(Given data begins)
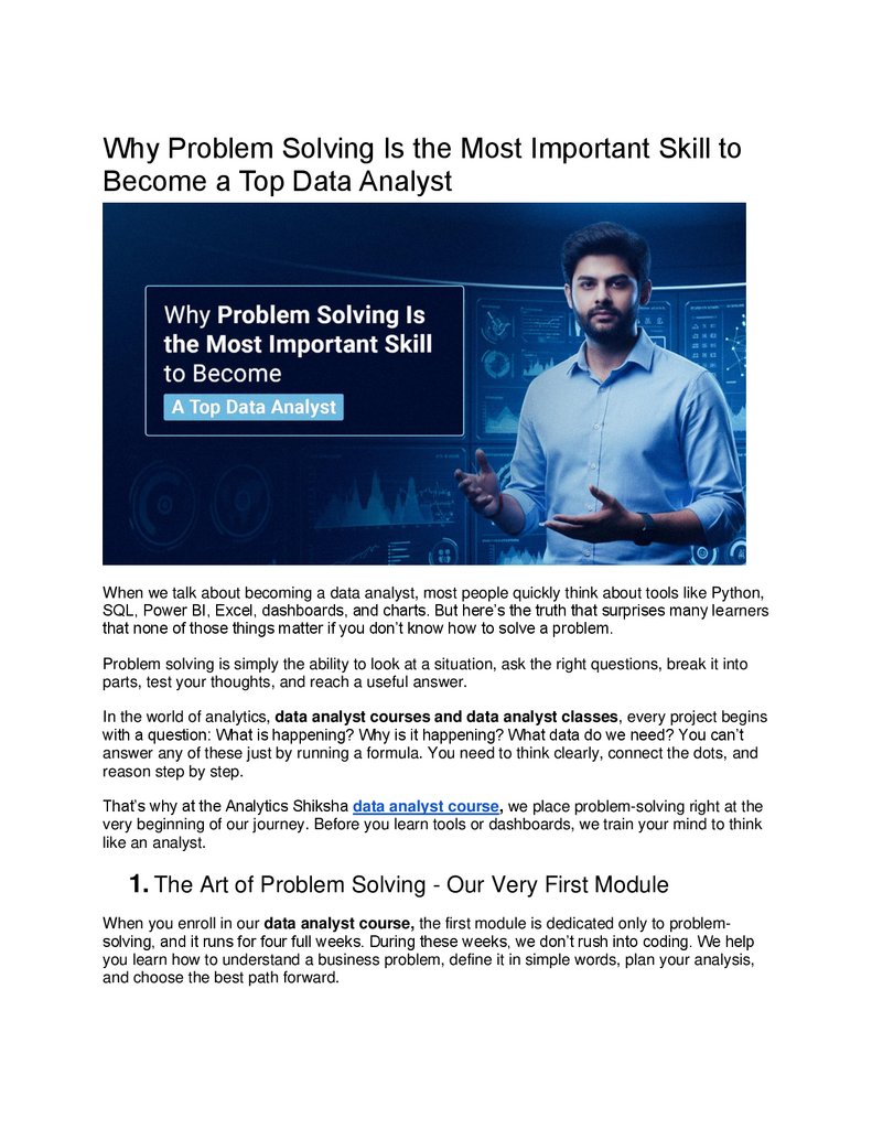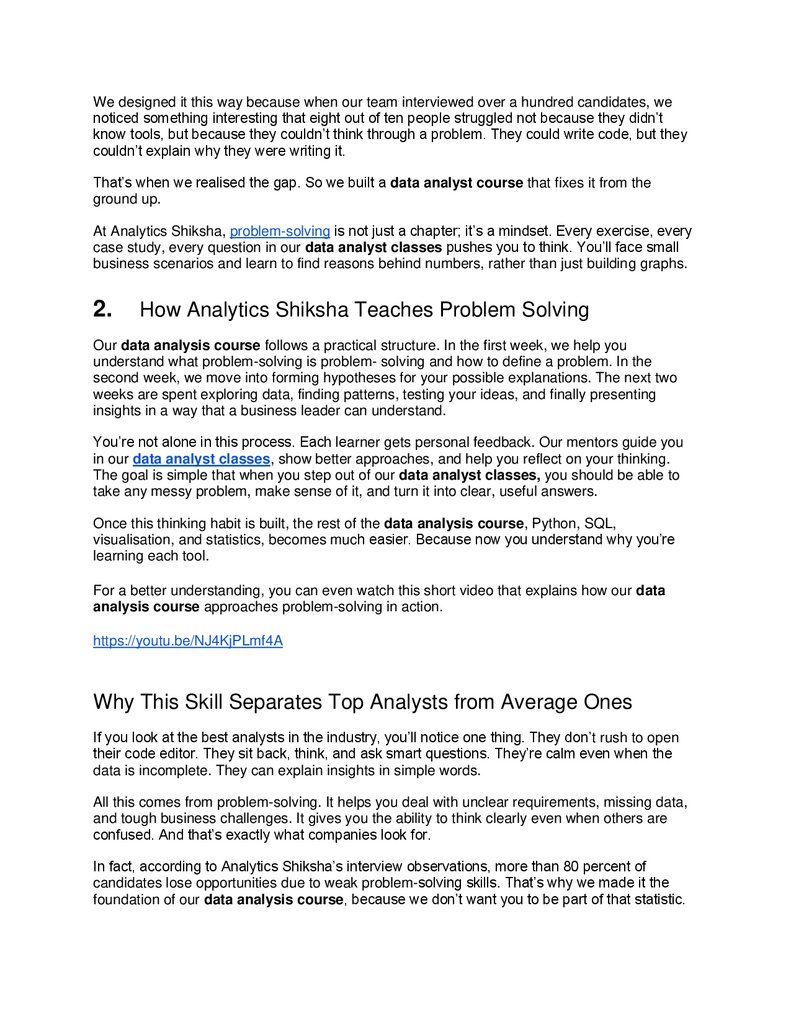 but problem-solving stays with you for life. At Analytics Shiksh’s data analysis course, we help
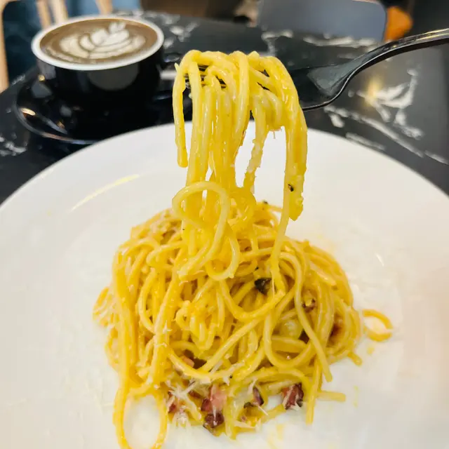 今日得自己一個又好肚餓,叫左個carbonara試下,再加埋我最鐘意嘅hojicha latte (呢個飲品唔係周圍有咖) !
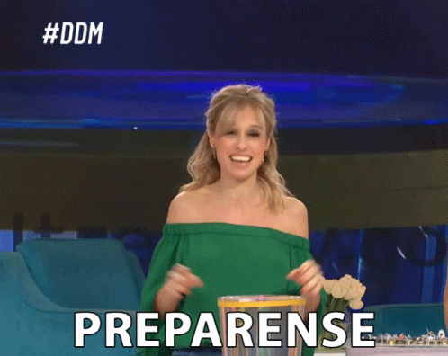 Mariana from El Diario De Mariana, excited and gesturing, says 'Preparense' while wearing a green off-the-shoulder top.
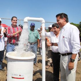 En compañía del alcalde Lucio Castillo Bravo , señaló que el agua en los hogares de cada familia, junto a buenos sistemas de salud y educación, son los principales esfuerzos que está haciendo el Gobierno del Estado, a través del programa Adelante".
(Given data ends)
### [Task goal]
In your copy, leave out the pictures and reproduce the material above exactly.

### [Exercise answer]
 but problem-solving stays with you for life. At Analytics Shiksh’s data analysis course, we help
 今日得自己一個又好肚餓,叫左個carbonara試下,再加埋我最鐘意嘅hojicha latte (呢個飲品唔係周圍有咖) !
 Mariana from El Diario De Mariana, excited and gesturing, says 'Preparense' while wearing a green off-the-shoulder top.
 En compañía del alcalde Lucio Castillo Bravo , señaló que el agua en los hogares de cada familia, junto a buenos sistemas de salud y educación, son los principales esfuerzos que está haciendo el Gobierno del Estado, a través del programa Adelante".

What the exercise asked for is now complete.